Ему трудно выдавить улыбку, наблюдая за процессией шуток, каждая из которых настолько же плоская, насколько и длинная. Эта показная шутливость ему не по душе.
«Теккерей, — говорит он, — определяет юмор как смесь любви и остроумия. Юмор, следовательно, будучи по своей природе любовью, не должен вести себя непристойно».
Он не может вынести, когда он навязывает себя публике. Его подобающая привычка — скрываться от наблюдения, «как будто крапивник учил его скрытности». Когда Счастливая Мысль отправляется в путь, она должна быть как королевская особа, путешествующая инкогнито.
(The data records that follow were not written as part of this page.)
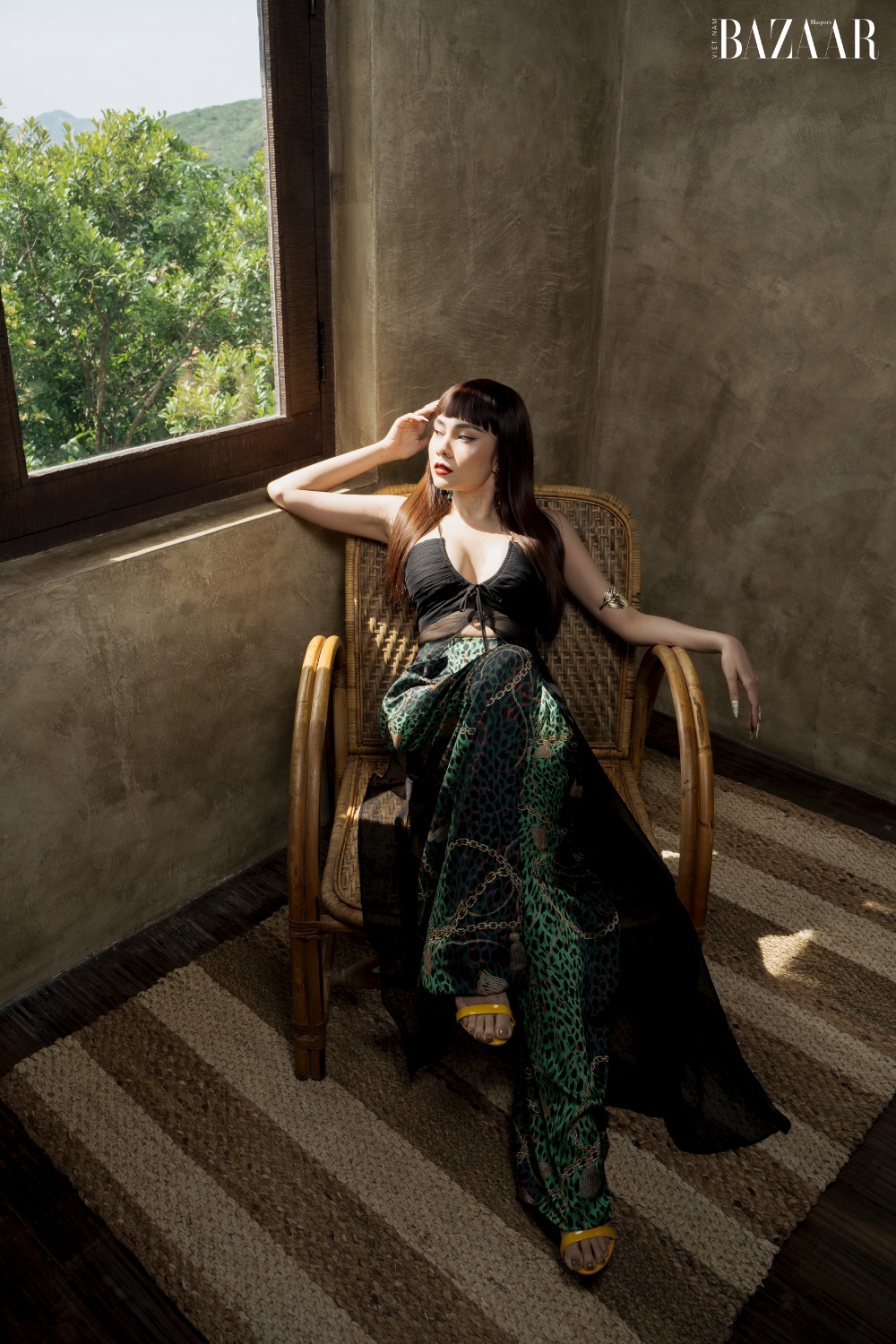Trong trang phục mang cảm hứng Baroque từ BST Xuân Hè 2021 của XITA, Lưu Hiền Trinh khoe thần thái sắc sảo, cuốn hút. Tóc mái băng ngang trán lạ mắt, bộ móng tay nhọt quyền lực. Trang sức vàng mang hơi thở nhiệt đới. Thiết kế giúp giọng ca opera khéo khoe vóc dáng nuột nà.
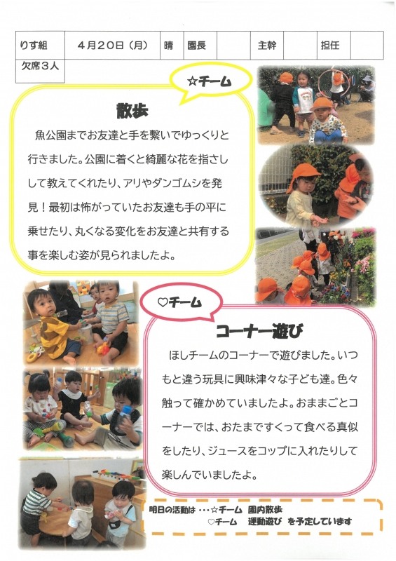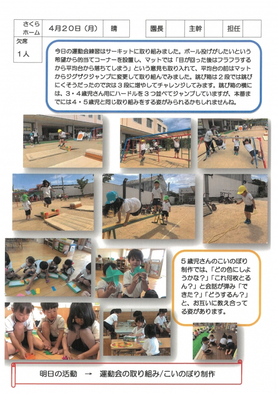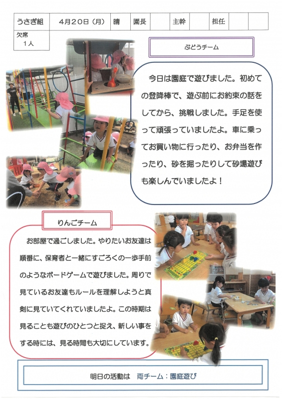 園の一日掲示板
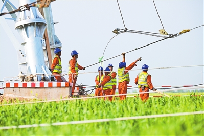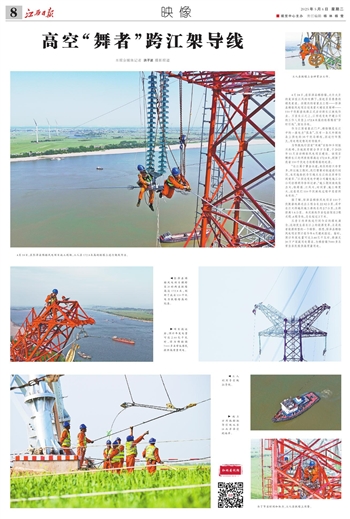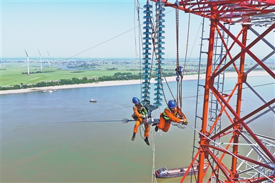 4月18日,在彭泽县棉船镇,大片大片的麦田在江风的吹拂下,荡起层层叠叠的绿色麦浪。其境内的省重点工程——彭泽县棉船风电项目迎来重大建设里程碑——110千伏配套线路正式启动跨长江放线作业。万里长江之上,江西送变电中建公司的工作人员登上172.8米高的铁塔精准“穿针引线”,架设导线。
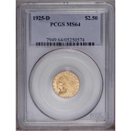 <B>1925-D<$2 1/2> MS64 PCGS.</B></I> Bright and boldly struck with subtly variegated coloration and just a few wispy marks in the left obverse field that seemingly prevent the Gem grade. This is the highest mintage issue of the Denver Mint for this popular series.
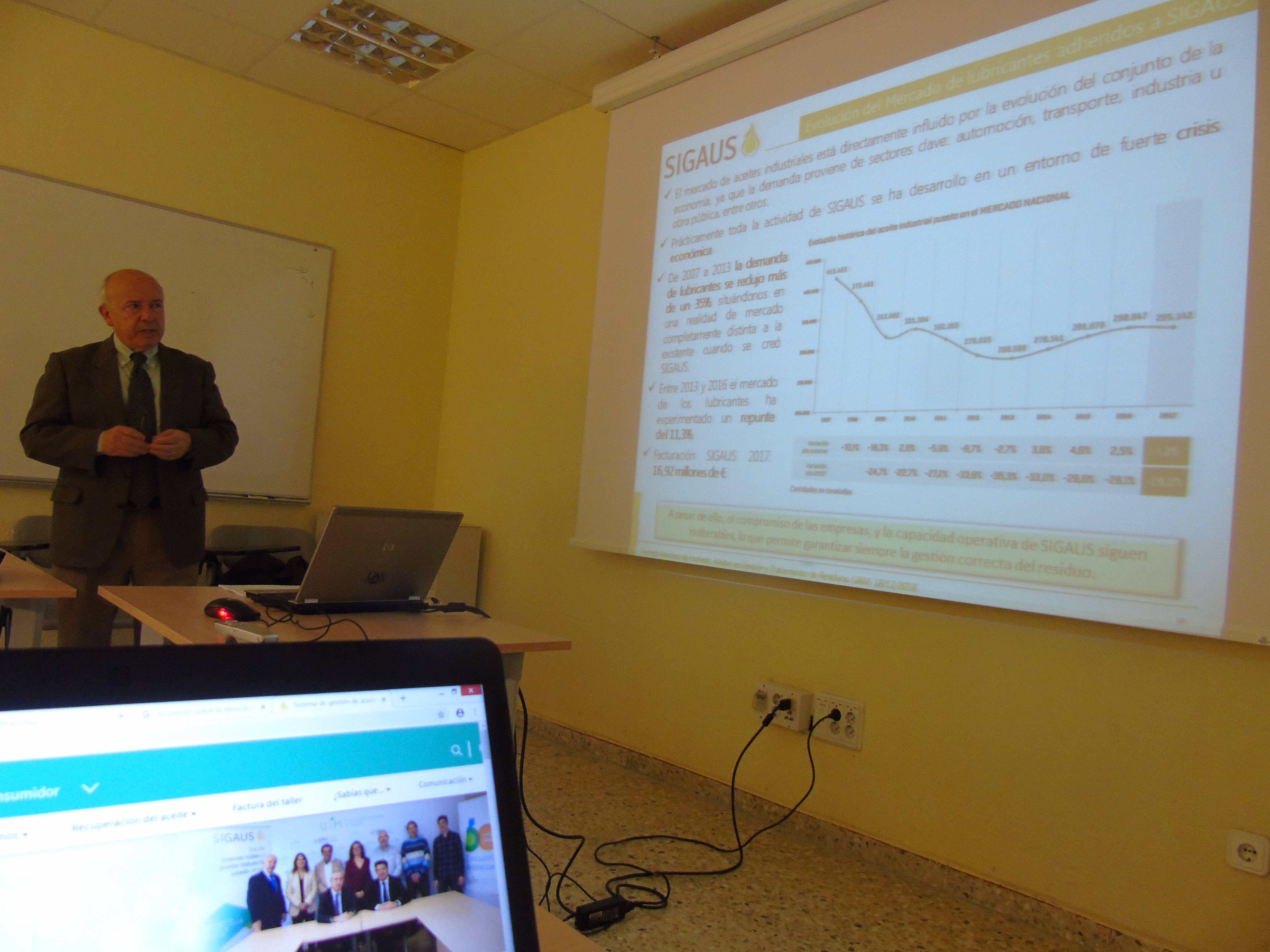 Precisamente con la UAM, SIGAUS está colaborando en el Master sobre Gestión y Tratamiento de Residuos que, como título propio, cuenta esta Universidad, y que este Curso 2018-2019 está desarrollando su 17ª Edición. A través de una Master Class de dos horas de duración, el Director de Relaciones Institucionales y Comunicación, Fermín Martínez de Hurtado, acercó a los alumnos de este Master los conocimientos relacionados con la gestión del residuo de aceite industrial, como parte de los contenidos programados en este Master y que contemplan, entre otros, los relacionados con el tratamiento de residuos industriales, vehículos al final de su vida util (VFU), residuos de aparatos eléctricos y electrónicos (RAEE), radiactivos, de construcción y demolición, sanitarios o plásticos.

Это большой мир, и жить в нем — серьезное дело. Он предъявляет много требований. Он требует интенсивности мысли, энергичности воли и твердости суждения. Перед нами стоят великие задачи. Мы ловим мимолетные проблески красоты и пытаемся запечатлеть их навсегда в совершенной форме — это задача искусства. Мы видим тысячи разрозненных фактов и пытаемся расположить их в упорядоченной последовательности — это задача науки. Мы видим ход вечной силы и ищем для него какую-то причину — это задача философии.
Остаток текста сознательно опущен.